# Chance ate chocolate



## asiacat (Jan 30, 2009)

i know i haven't been on lately and it seems lately when i am it is to ask for advice on my dogs and what they have gotten into or eaten :curtain:. i searched for results on what to do when a dog eats chocolate on here and couldn't find much....chance (i know he is a lab) ate a mesh bag with those little foil wrapped chocolate balls in it approx 200 grams in the bag...the ingredients are sugar, chocolate liquor,whole milk powder,cocoa butter, and a few others....i am not sure what to do for him....he seems fine.....oh and he ate the chocolates and foil not the mesh bag....thank you for any suggestions....:no:


----------



## DNL2448 (Feb 13, 2009)

It it wasn't too long ago you can give him some hydrogen peroxide, a couple tablespoons and then stand back. I would be more worried about the aluminum foil.


----------



## Oaklys Dad (Dec 28, 2005)

It takes a pretty high dose of milk chocolate to have a negative effect on dogs. Baking chocolate is much more dangerous than milk chocolate. Keep a close eye on him though.


----------



## asiacat (Jan 30, 2009)

Thanks guys...i too am worried about the foil and this kind of chocolate isn't real chocolate in my opinion but still has cocoa in it....he seems fine...i am keeping my eye on him how long after he ate the chocolate is it advisable to give the peroxide?


----------



## pinkgatorgirl (Oct 21, 2009)

I don't know much about what to do but if it will make you feel any better, my parents dog, Sammy, got into Rum Balls a few Christmases back - he ate the entire bag of rum balls my mom was planning on taking to a Christmas party - 72 rum balls! And he was just fine if you can believe it!


----------



## Doodle (Apr 6, 2009)

You may want to consult animal poison control or your vet just to be sure, but I've been told that a 70 pound dog would have to eat something like 5 pounds of pure bakers chocolate before it would be at toxic levels. I don't think the amount your dog ate would be that serious, though they may vomit or get diarrhea.


----------



## Abbydabbydo (Jan 31, 2007)

Oh Chance, you fool! I'd probably call the vet and describe the amount, too. If they were little pieces, wrapped in little foil pieces, they should pass. I have seen more interesting things in Finn's poop.  I hope Chance will pass his counter surf.


----------



## asiacat (Jan 30, 2009)

Abbydabbydo said:


> Oh Chance, you fool! I'd probably call the vet and describe the amount, too. If they were little pieces, wrapped in little foil pieces, they should pass. I have seen more interesting things in Finn's poop.  I hope Chance will pass his counter surf.
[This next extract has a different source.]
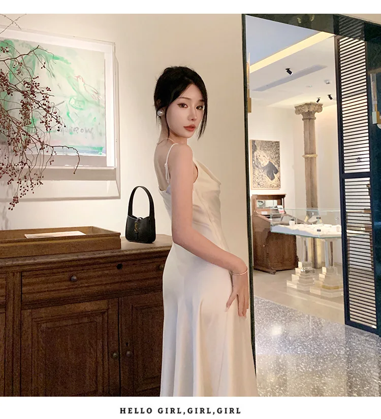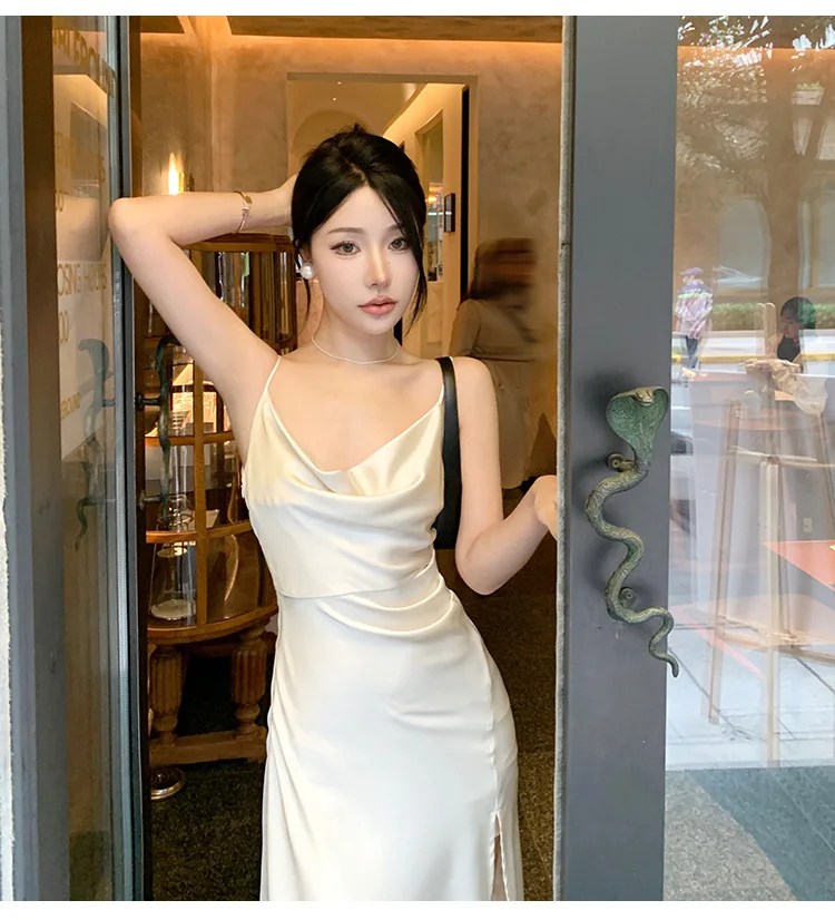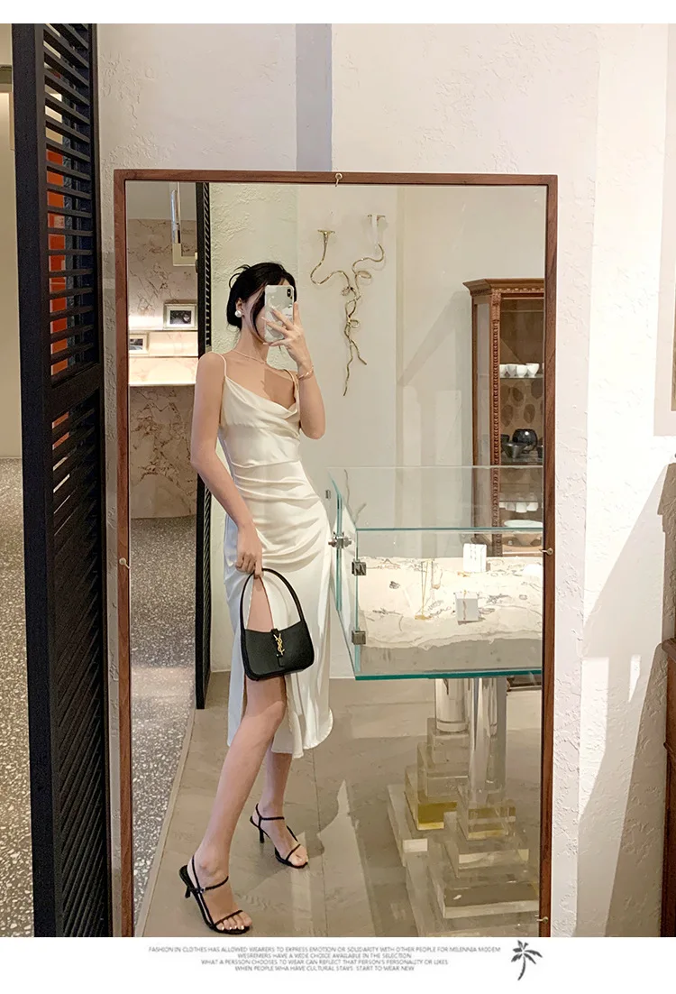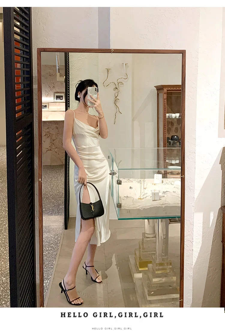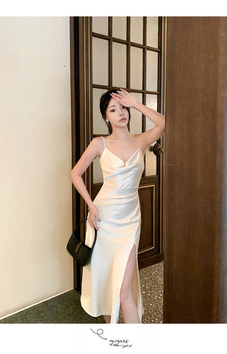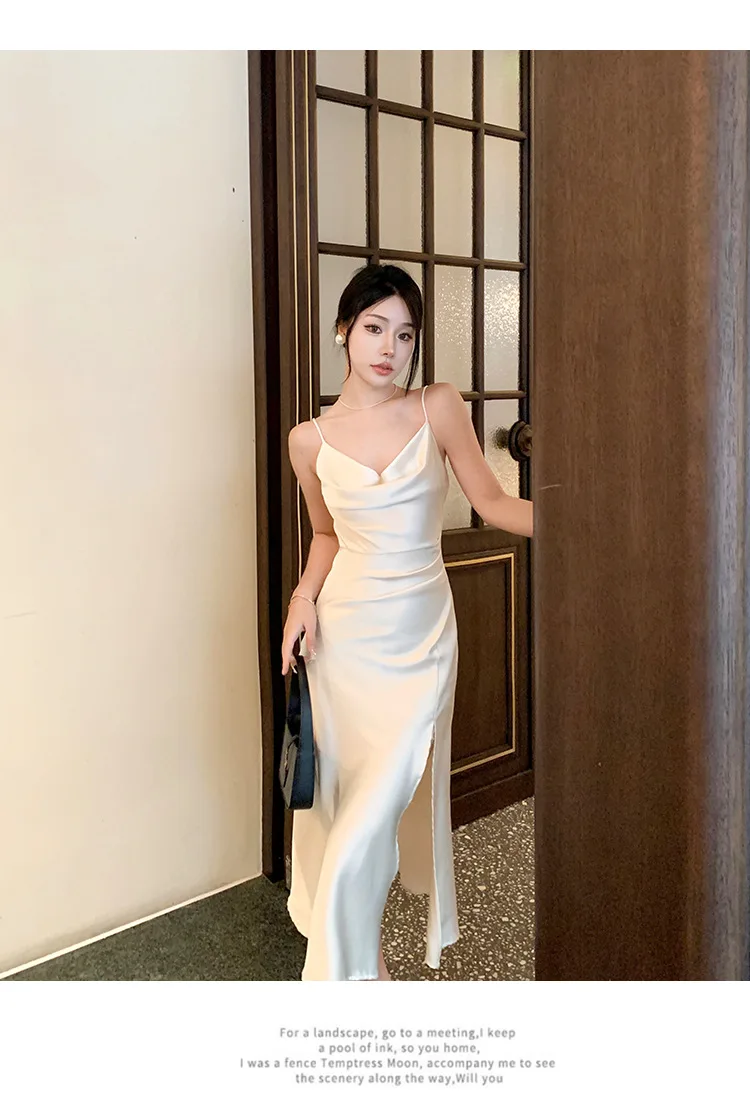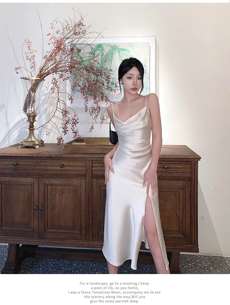 Cyflymder New Satin Strap Dress Female Split Party Cocktail Dress vestido corto blanco para boda civil robe maxi elegante

 they were those foil wrapped chocolate balls that come in a mesh bag for stocking stuffers and things like that...i don't eat them because i don't consider them real chocolate but i do know they have cocoa in them....:no: yes there are always very interesting things in my dog's poop too....they eat anything....it gets ridiculous sometimes....the christmas tree is locked behind the french doors in the livingroom this year lol....i don't need them to eat the decorations....:bowl:


----------



## tippykayak (Oct 27, 2008)

I would not induce vomiting without calling the vet. It can cause more problems than it solves. It does not sound like enough foil or chocolate to hurt dog the size of a lab.

Your three worries are pancreatitis from the fat, obstruction from the foil, and chocolate poisoning from the chocolate liquor.

That amount of fat isn't a whole lot for a lab-sized dog. The symptoms of pancreatitis are: a painful or distended abdomen, lack of appetite, lethargy, dehydration, a hunched up posture, vomiting, diarrhea and yellow or greasy stool. They can also run a fever.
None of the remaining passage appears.